= Beginning of Section =
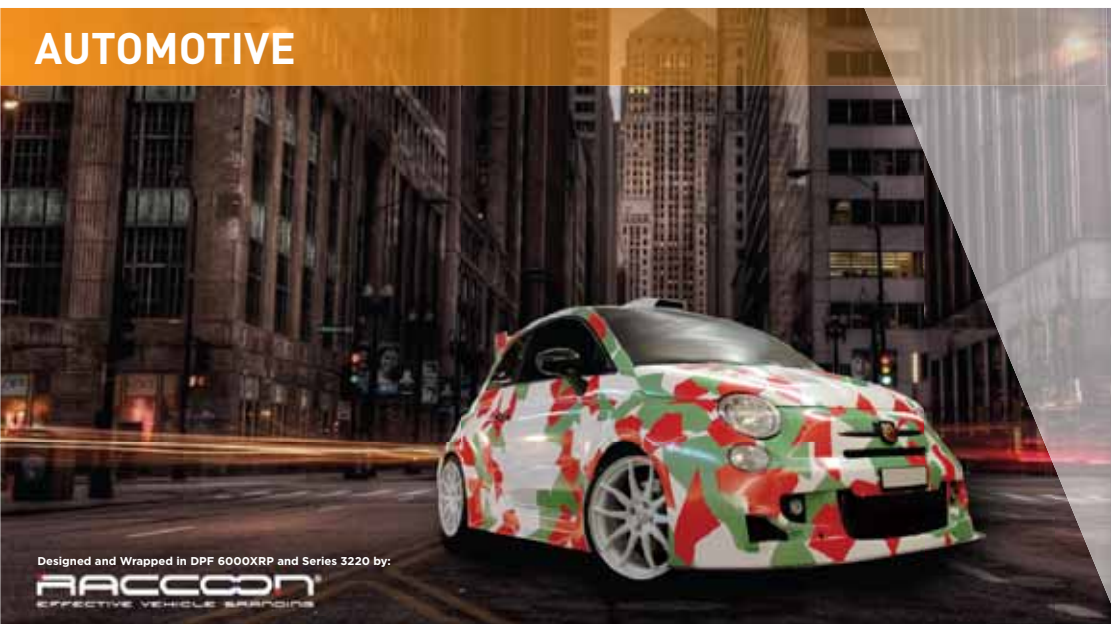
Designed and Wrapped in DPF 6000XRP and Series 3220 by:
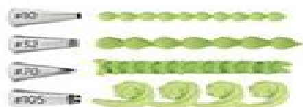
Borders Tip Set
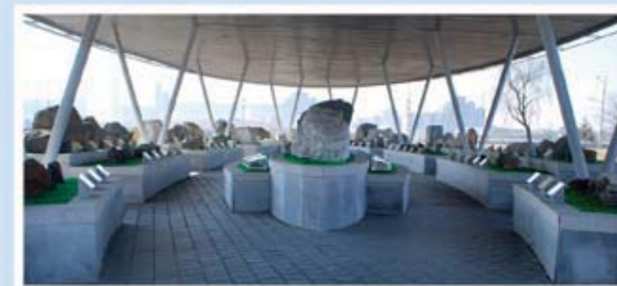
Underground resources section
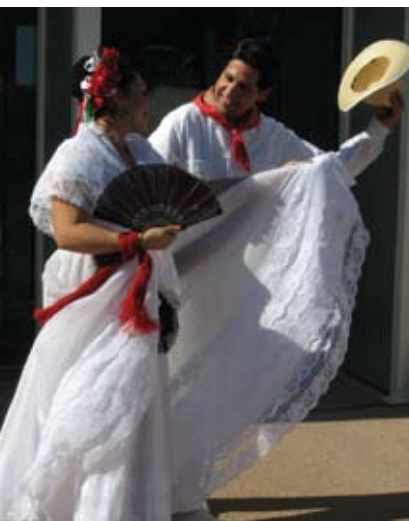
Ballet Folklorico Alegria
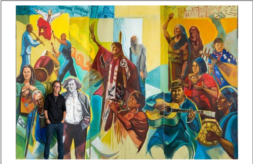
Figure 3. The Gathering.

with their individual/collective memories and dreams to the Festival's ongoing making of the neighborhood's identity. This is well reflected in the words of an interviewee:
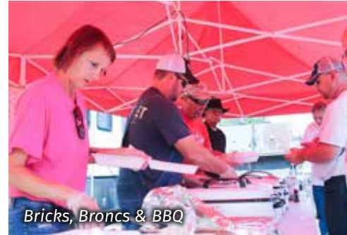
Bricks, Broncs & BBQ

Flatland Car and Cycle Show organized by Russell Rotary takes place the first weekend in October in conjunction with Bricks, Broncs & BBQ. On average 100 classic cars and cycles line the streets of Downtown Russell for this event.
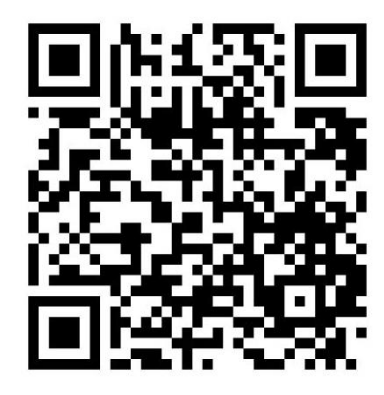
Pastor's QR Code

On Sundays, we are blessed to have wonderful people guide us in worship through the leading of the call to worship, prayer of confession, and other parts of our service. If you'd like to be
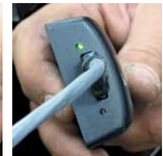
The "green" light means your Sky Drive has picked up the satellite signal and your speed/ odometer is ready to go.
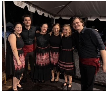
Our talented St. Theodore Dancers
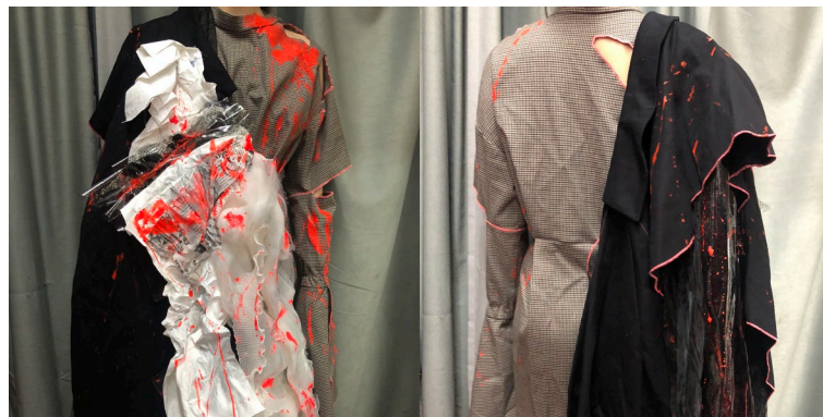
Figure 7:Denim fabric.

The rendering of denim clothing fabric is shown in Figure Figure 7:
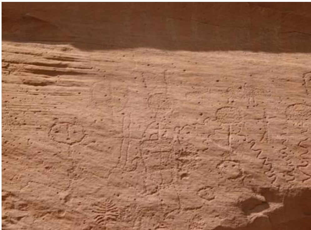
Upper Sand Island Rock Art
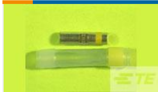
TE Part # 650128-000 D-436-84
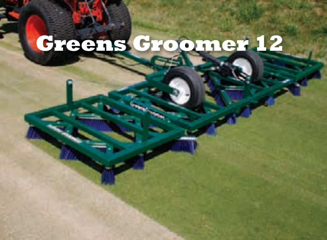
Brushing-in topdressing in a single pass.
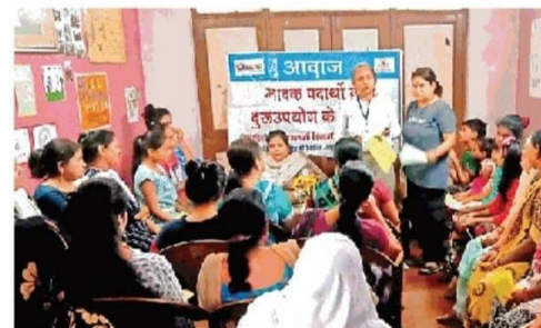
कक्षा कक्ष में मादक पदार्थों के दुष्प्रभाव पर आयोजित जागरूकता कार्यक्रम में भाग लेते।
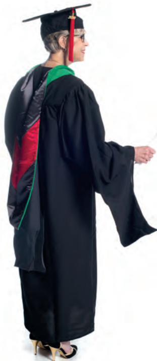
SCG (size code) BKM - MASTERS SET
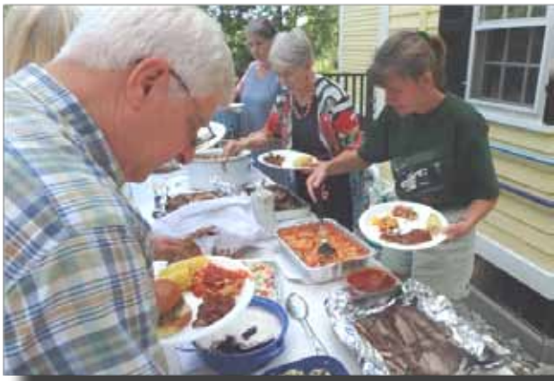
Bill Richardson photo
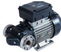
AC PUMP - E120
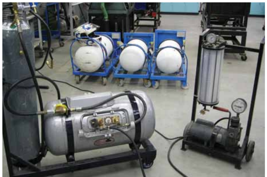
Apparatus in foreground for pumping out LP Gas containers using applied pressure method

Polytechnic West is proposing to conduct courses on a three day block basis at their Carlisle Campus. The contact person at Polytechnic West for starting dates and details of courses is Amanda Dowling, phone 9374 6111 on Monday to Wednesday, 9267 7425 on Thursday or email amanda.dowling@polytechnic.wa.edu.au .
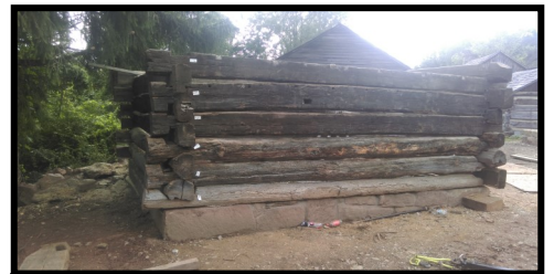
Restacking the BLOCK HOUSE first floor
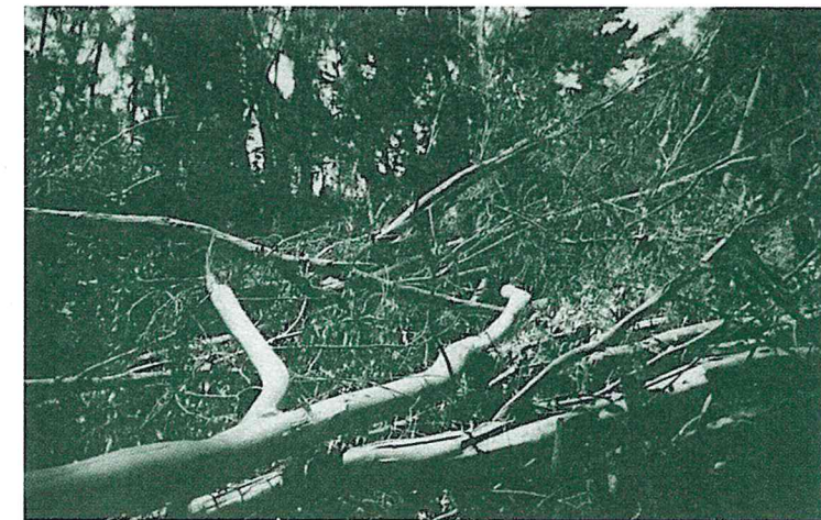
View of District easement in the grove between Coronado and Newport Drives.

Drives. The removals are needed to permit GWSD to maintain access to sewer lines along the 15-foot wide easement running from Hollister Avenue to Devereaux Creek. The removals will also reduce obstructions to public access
= End of Section =
= Beginning of Section =
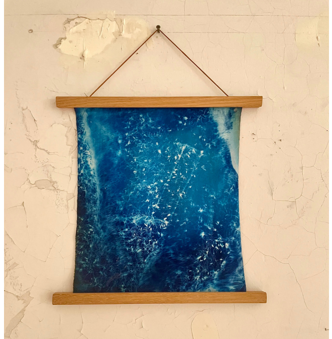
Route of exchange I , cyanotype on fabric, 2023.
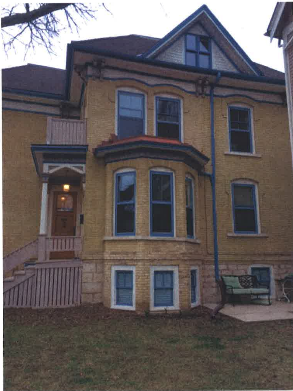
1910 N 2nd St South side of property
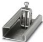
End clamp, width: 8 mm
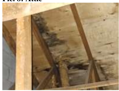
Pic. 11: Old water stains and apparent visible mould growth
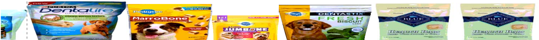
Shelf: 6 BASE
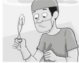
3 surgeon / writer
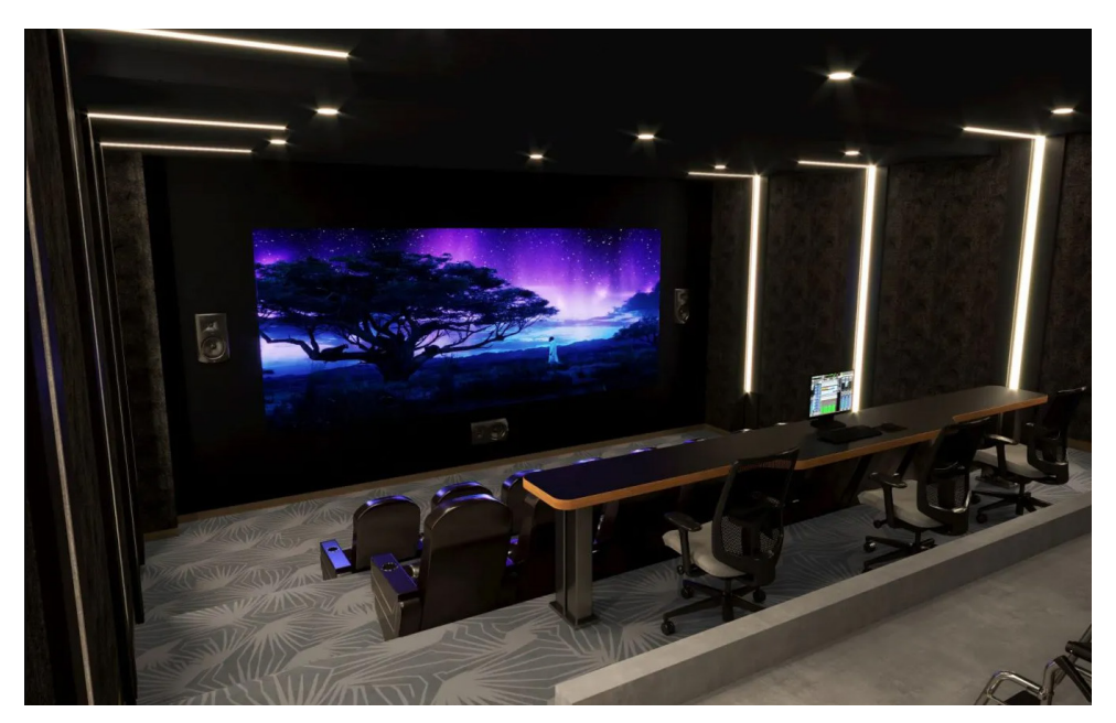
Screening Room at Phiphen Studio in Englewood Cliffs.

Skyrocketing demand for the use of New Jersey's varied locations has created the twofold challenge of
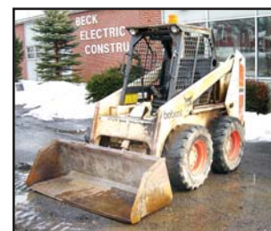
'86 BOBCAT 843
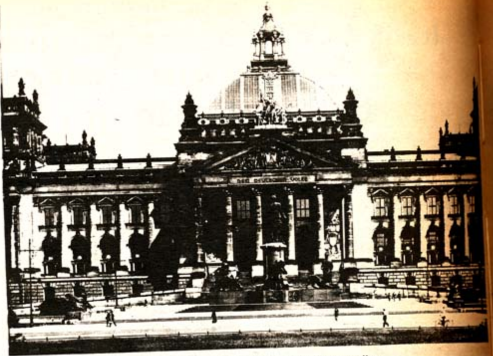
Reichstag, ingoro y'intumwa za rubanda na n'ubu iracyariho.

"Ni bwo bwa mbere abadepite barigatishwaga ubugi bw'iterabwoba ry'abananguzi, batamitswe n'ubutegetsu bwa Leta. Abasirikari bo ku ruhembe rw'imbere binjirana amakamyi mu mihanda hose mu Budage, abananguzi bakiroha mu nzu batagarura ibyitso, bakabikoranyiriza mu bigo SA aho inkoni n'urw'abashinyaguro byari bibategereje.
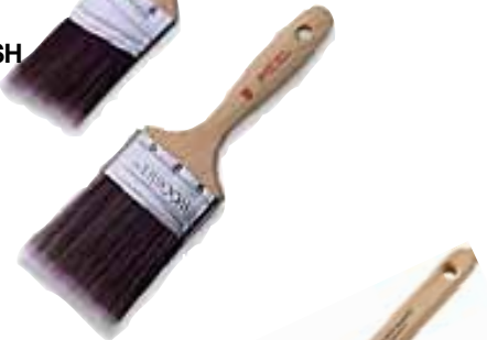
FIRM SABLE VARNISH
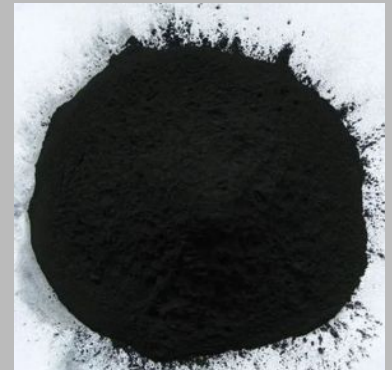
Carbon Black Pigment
= End of Section =
Beginning with the line that contains "with their individual/collective" and ending with the line that contains "TE Part # 650128-000 D-436-84", reproduce the listing exactly, pictures excluded.

with their individual/collective memories and dreams to the Festival's ongoing making of the neighborhood's identity. This is well reflected in the words of an interviewee:
Bricks, Broncs & BBQ

Flatland Car and Cycle Show organized by Russell Rotary takes place the first weekend in October in conjunction with Bricks, Broncs & BBQ. On average 100 classic cars and cycles line the streets of Downtown Russell for this event.
Pastor's QR Code

On Sundays, we are blessed to have wonderful people guide us in worship through the leading of the call to worship, prayer of confession, and other parts of our service. If you'd like to be
The "green" light means your Sky Drive has picked up the satellite signal and your speed/ odometer is ready to go.
Our talented St. Theodore Dancers
Figure 7:Denim fabric.

The rendering of denim clothing fabric is shown in Figure Figure 7:
Upper Sand Island Rock Art
TE Part # 650128-000 D-436-84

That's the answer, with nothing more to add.